◆ TO DO ◆
Every line of the data below must be output exactly, with images left out.

◆ AVAILABLE DATA ◆
════════
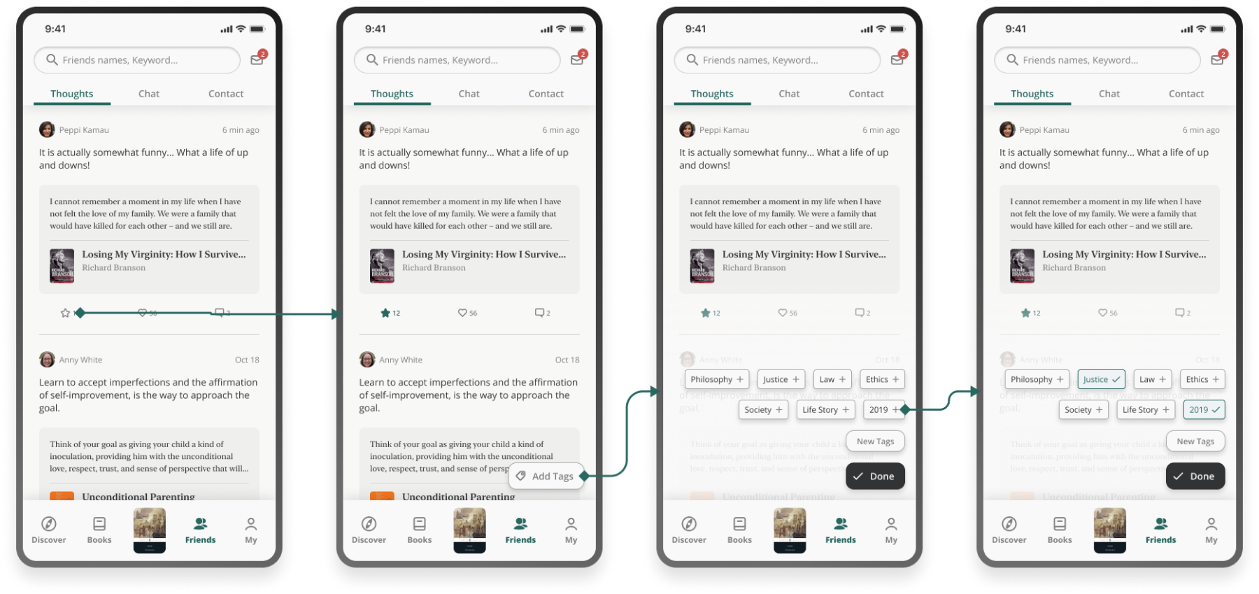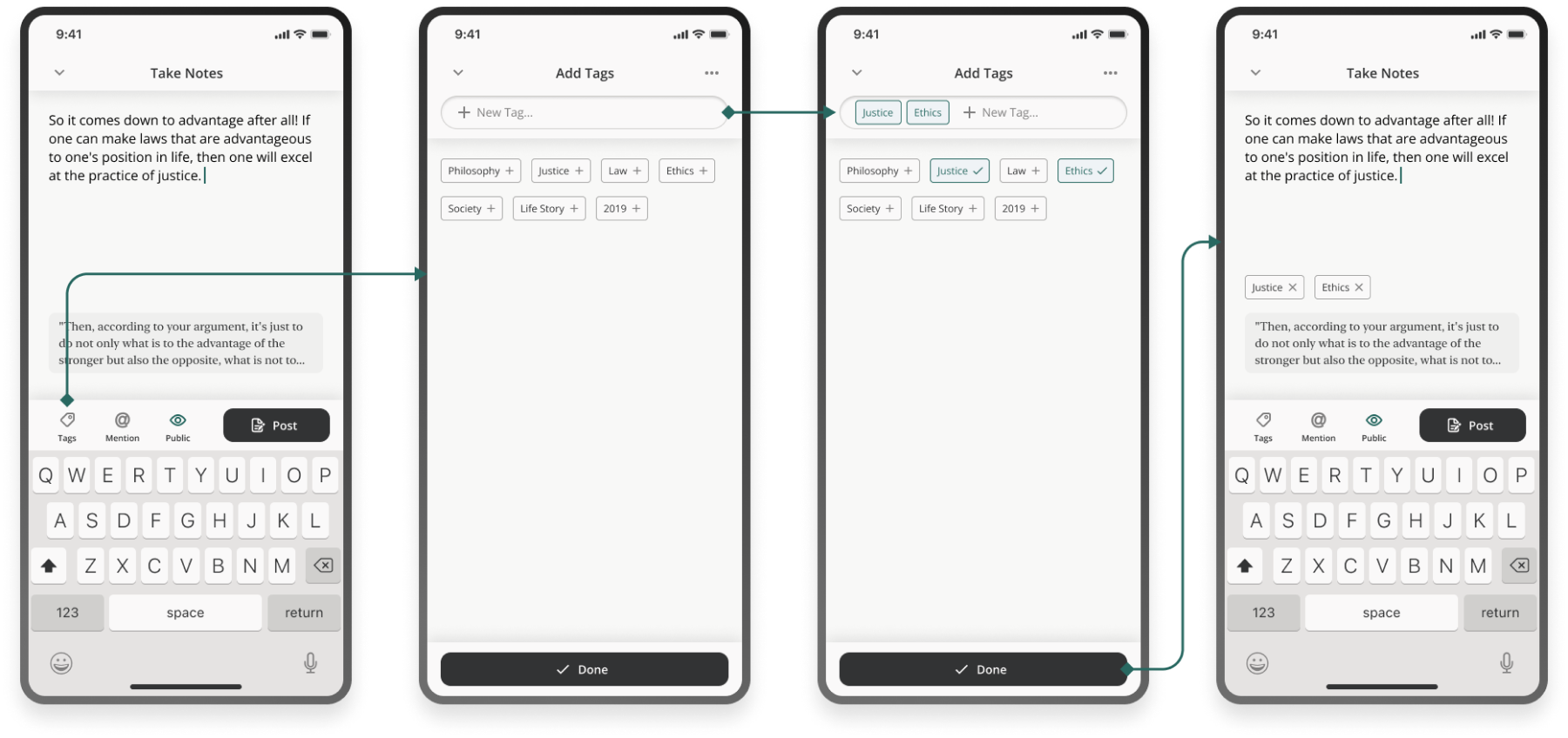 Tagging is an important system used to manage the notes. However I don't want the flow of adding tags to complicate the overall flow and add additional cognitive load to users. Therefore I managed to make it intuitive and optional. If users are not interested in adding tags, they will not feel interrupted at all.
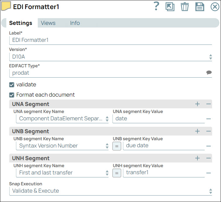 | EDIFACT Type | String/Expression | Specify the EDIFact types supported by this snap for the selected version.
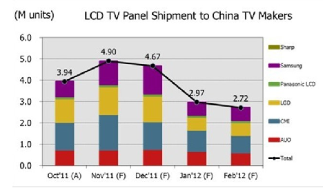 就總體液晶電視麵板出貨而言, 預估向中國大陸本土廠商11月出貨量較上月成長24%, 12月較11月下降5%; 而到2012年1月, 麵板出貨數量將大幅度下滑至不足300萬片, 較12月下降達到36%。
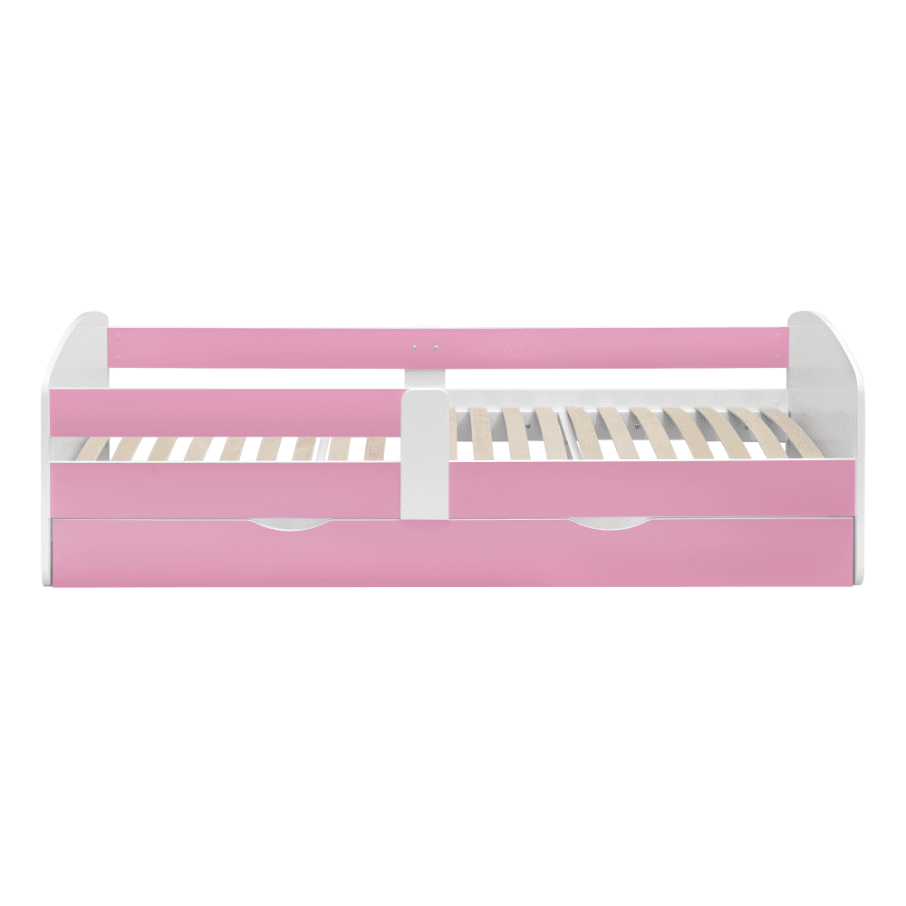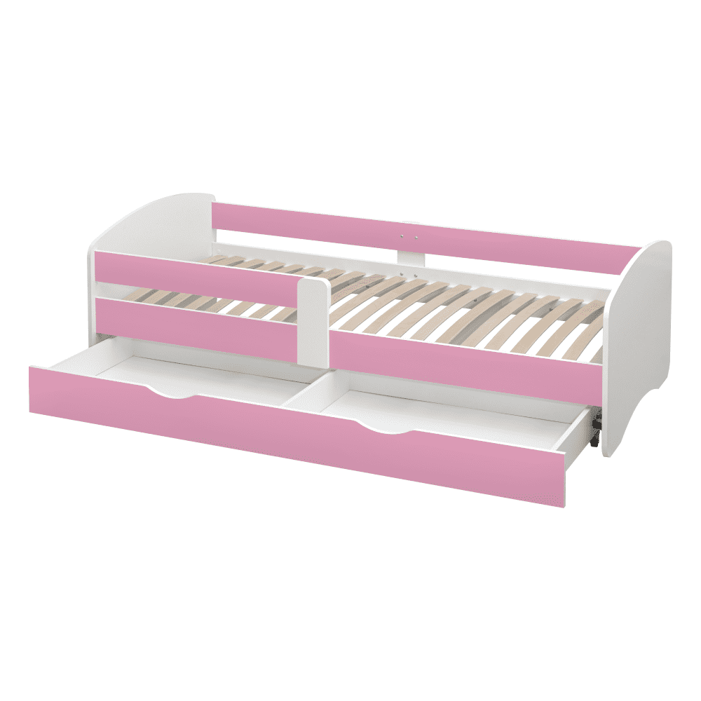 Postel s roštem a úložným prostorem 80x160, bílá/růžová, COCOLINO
════════
◆ TASK RESPONSE ◆
 Tagging is an important system used to manage the notes. However I don't want the flow of adding tags to complicate the overall flow and add additional cognitive load to users. Therefore I managed to make it intuitive and optional. If users are not interested in adding tags, they will not feel interrupted at all.
 | EDIFACT Type | String/Expression | Specify the EDIFact types supported by this snap for the selected version.
 就總體液晶電視麵板出貨而言, 預估向中國大陸本土廠商11月出貨量較上月成長24%, 12月較11月下降5%; 而到2012年1月, 麵板出貨數量將大幅度下滑至不足300萬片, 較12月下降達到36%。
 Postel s roštem a úložným prostorem 80x160, bílá/růžová, COCOLINO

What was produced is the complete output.